**WHAT TO DO**
Pictures must not appear in the copy. Restate exactly the lines below from the one with "Lush Layers: In" through the one with "Popustili jsme svou", inclusive.

**MATERIAL FOR THE TASK**
....
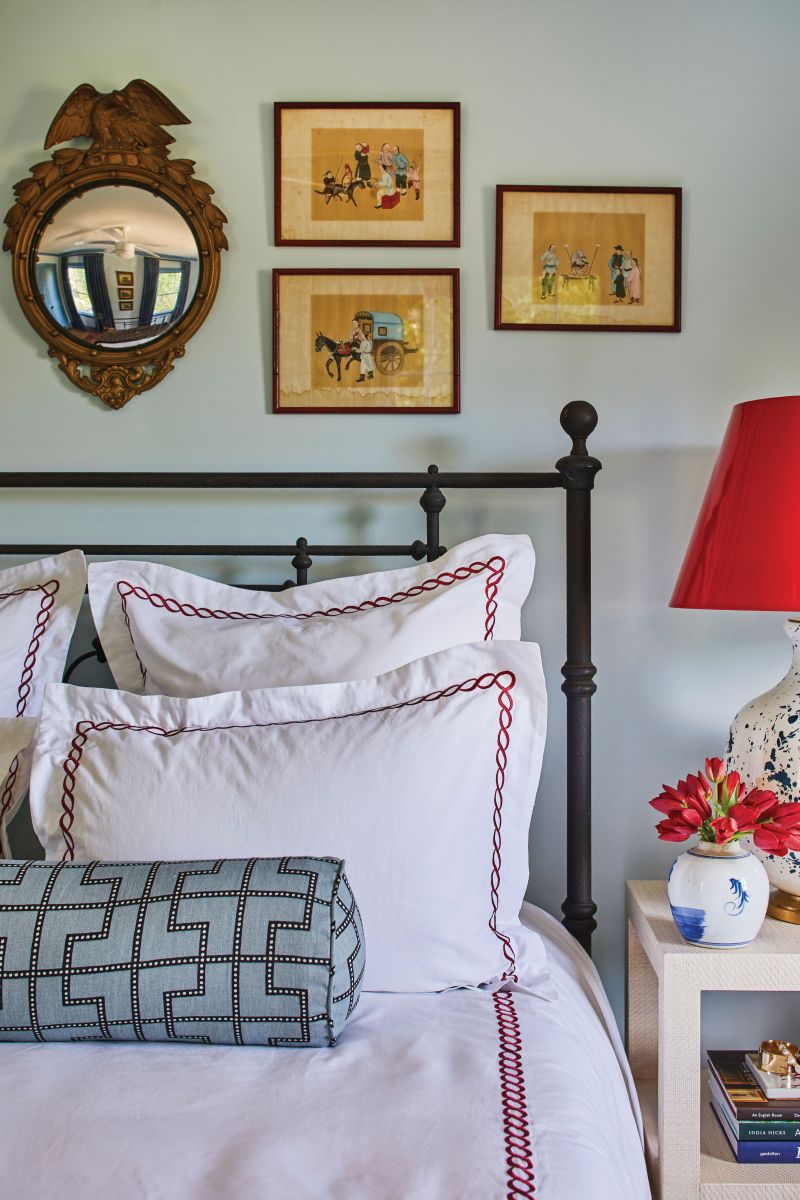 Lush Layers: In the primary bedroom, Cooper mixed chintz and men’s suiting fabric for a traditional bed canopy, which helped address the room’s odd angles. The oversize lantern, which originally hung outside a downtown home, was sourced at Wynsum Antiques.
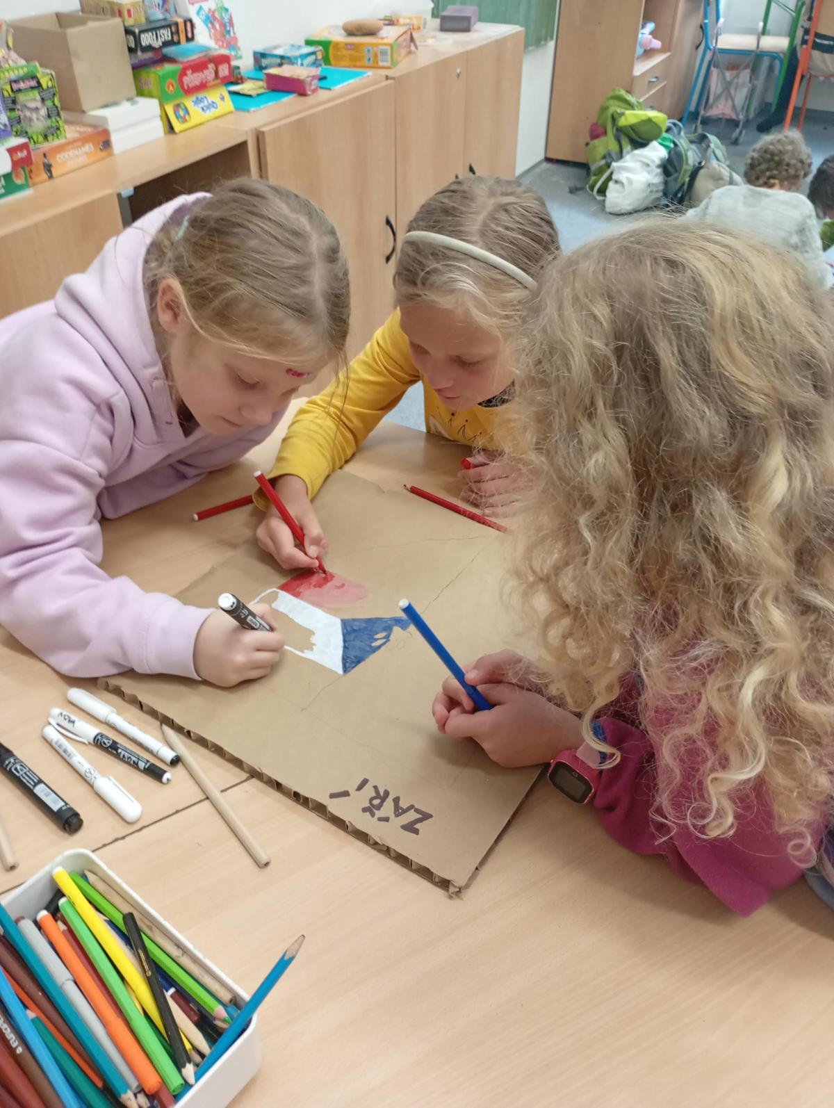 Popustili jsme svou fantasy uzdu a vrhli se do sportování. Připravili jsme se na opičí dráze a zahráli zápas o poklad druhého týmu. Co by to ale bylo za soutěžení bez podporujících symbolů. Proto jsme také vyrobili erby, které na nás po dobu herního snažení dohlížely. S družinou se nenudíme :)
....
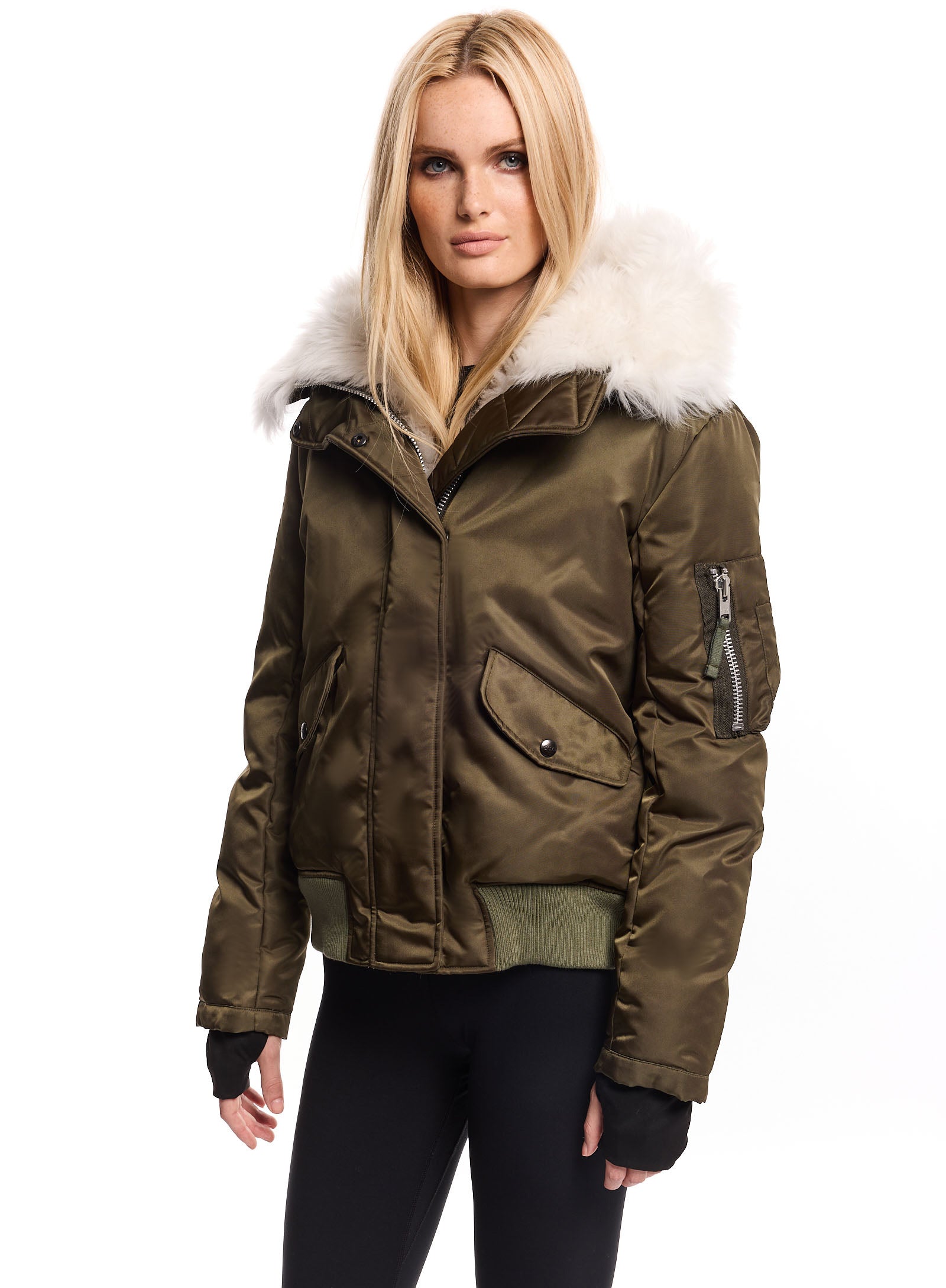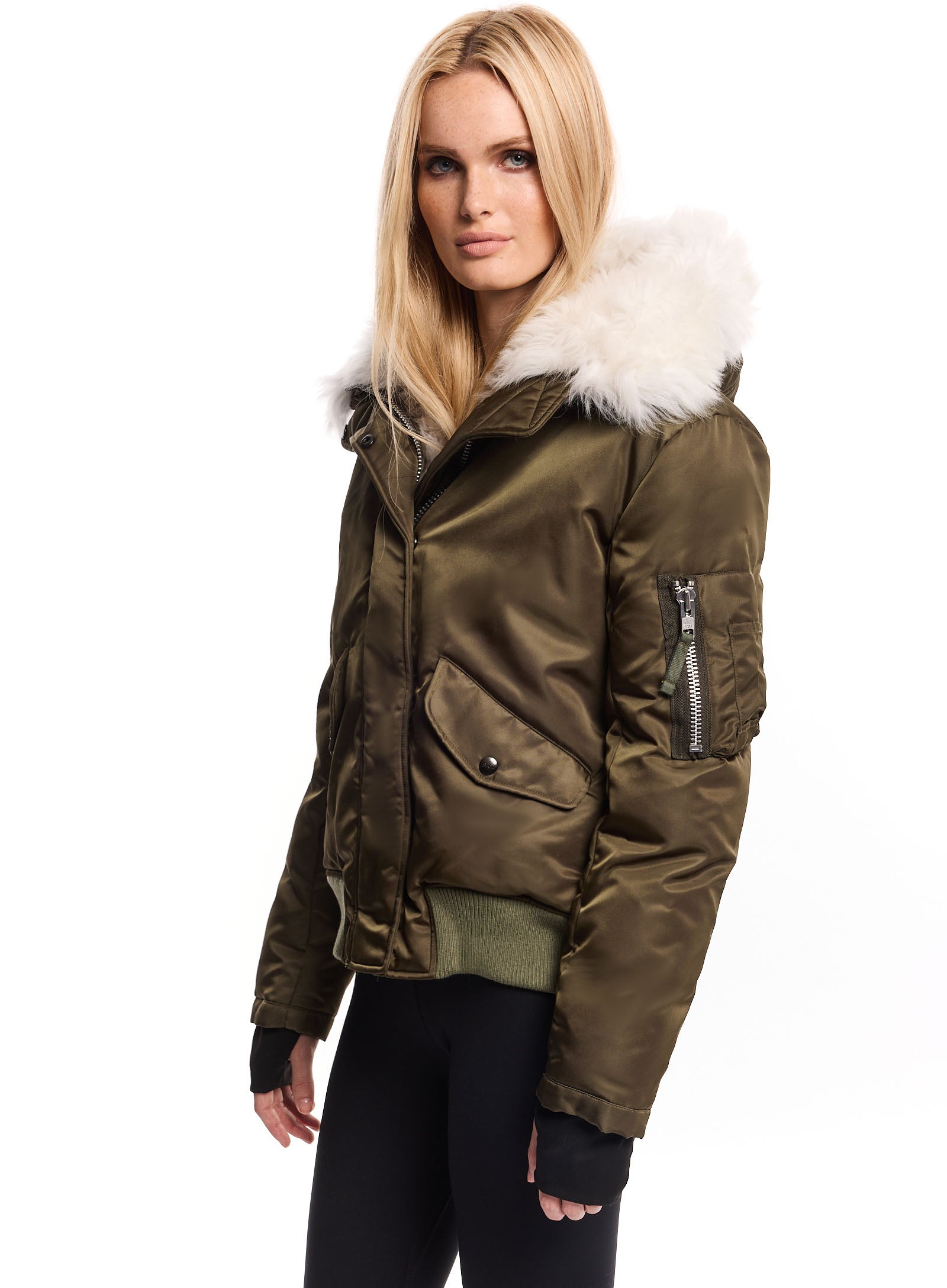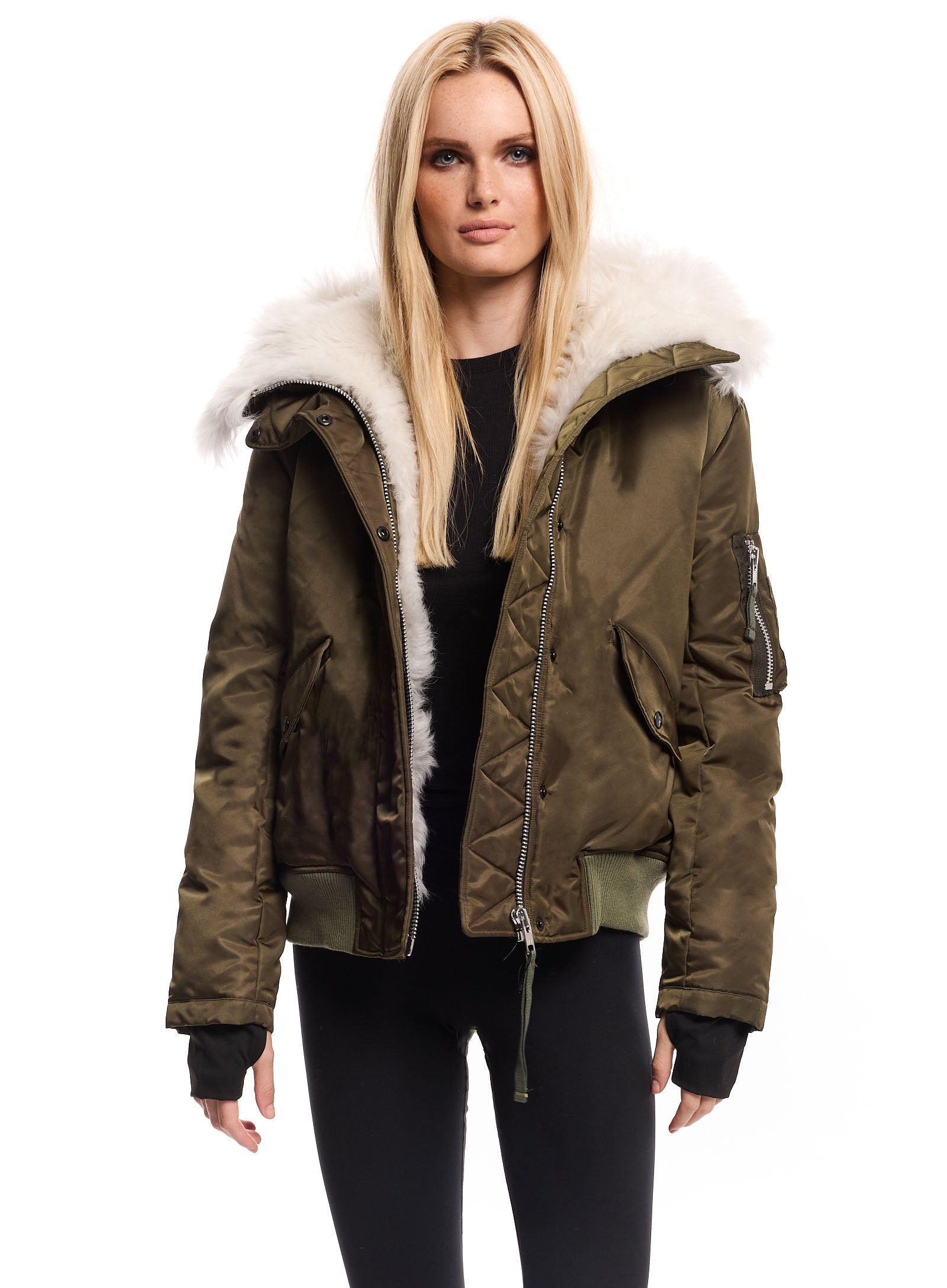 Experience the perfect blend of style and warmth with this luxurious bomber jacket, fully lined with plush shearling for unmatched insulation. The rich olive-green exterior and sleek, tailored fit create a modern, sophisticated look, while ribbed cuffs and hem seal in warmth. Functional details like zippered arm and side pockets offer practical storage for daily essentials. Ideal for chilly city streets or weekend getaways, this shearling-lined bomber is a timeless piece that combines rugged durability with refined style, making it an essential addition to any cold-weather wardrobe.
....
**WRITTEN SOLUTION**
 Lush Layers: In the primary bedroom, Cooper mixed chintz and men’s suiting fabric for a traditional bed canopy, which helped address the room’s odd angles. The oversize lantern, which originally hung outside a downtown home, was sourced at Wynsum Antiques.
 Popustili jsme svou fantasy uzdu a vrhli se do sportování. Připravili jsme se na opičí dráze a zahráli zápas o poklad druhého týmu. Co by to ale bylo za soutěžení bez podporujících symbolů. Proto jsme také vyrobili erby, které na nás po dobu herního snažení dohlížely. S družinou se nenudíme :)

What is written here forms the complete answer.